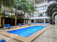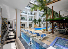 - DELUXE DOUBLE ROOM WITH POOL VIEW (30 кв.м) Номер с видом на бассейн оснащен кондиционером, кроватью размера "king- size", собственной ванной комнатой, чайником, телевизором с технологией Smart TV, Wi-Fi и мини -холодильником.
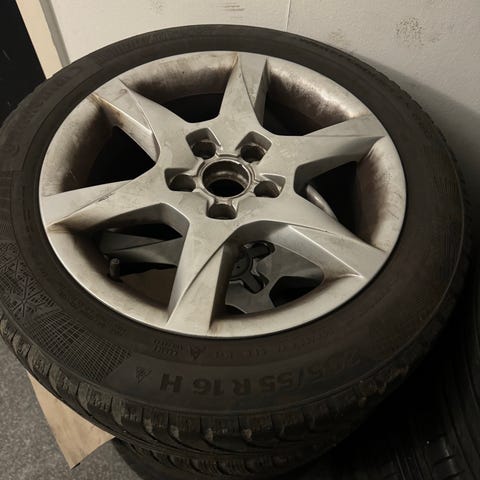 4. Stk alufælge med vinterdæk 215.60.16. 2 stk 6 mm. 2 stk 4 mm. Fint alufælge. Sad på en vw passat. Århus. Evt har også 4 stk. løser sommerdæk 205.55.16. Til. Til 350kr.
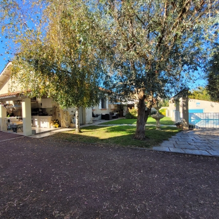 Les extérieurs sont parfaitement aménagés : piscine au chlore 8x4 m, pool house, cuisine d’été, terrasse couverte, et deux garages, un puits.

_____

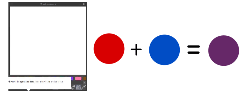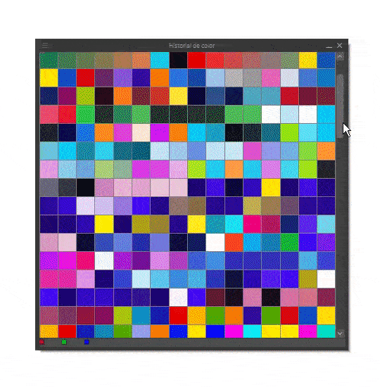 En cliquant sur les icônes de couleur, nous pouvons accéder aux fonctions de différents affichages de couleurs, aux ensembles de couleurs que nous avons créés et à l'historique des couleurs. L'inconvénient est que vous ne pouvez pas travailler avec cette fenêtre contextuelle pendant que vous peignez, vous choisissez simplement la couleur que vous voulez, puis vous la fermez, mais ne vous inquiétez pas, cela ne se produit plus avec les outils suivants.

_____

> Assigned task:
Only the lines starting at the one with "- DELUXE DOUBLE" and ending at the one with "Les extérieurs sont" should be printed, each exactly as it appears in the material above; the pictures are to be omitted.

> Exercise solution:
 - DELUXE DOUBLE ROOM WITH POOL VIEW (30 кв.м) Номер с видом на бассейн оснащен кондиционером, кроватью размера "king- size", собственной ванной комнатой, чайником, телевизором с технологией Smart TV, Wi-Fi и мини -холодильником.
 4. Stk alufælge med vinterdæk 215.60.16. 2 stk 6 mm. 2 stk 4 mm. Fint alufælge. Sad på en vw passat. Århus. Evt har også 4 stk. løser sommerdæk 205.55.16. Til. Til 350kr.
 Les extérieurs sont parfaitement aménagés : piscine au chlore 8x4 m, pool house, cuisine d’été, terrasse couverte, et deux garages, un puits.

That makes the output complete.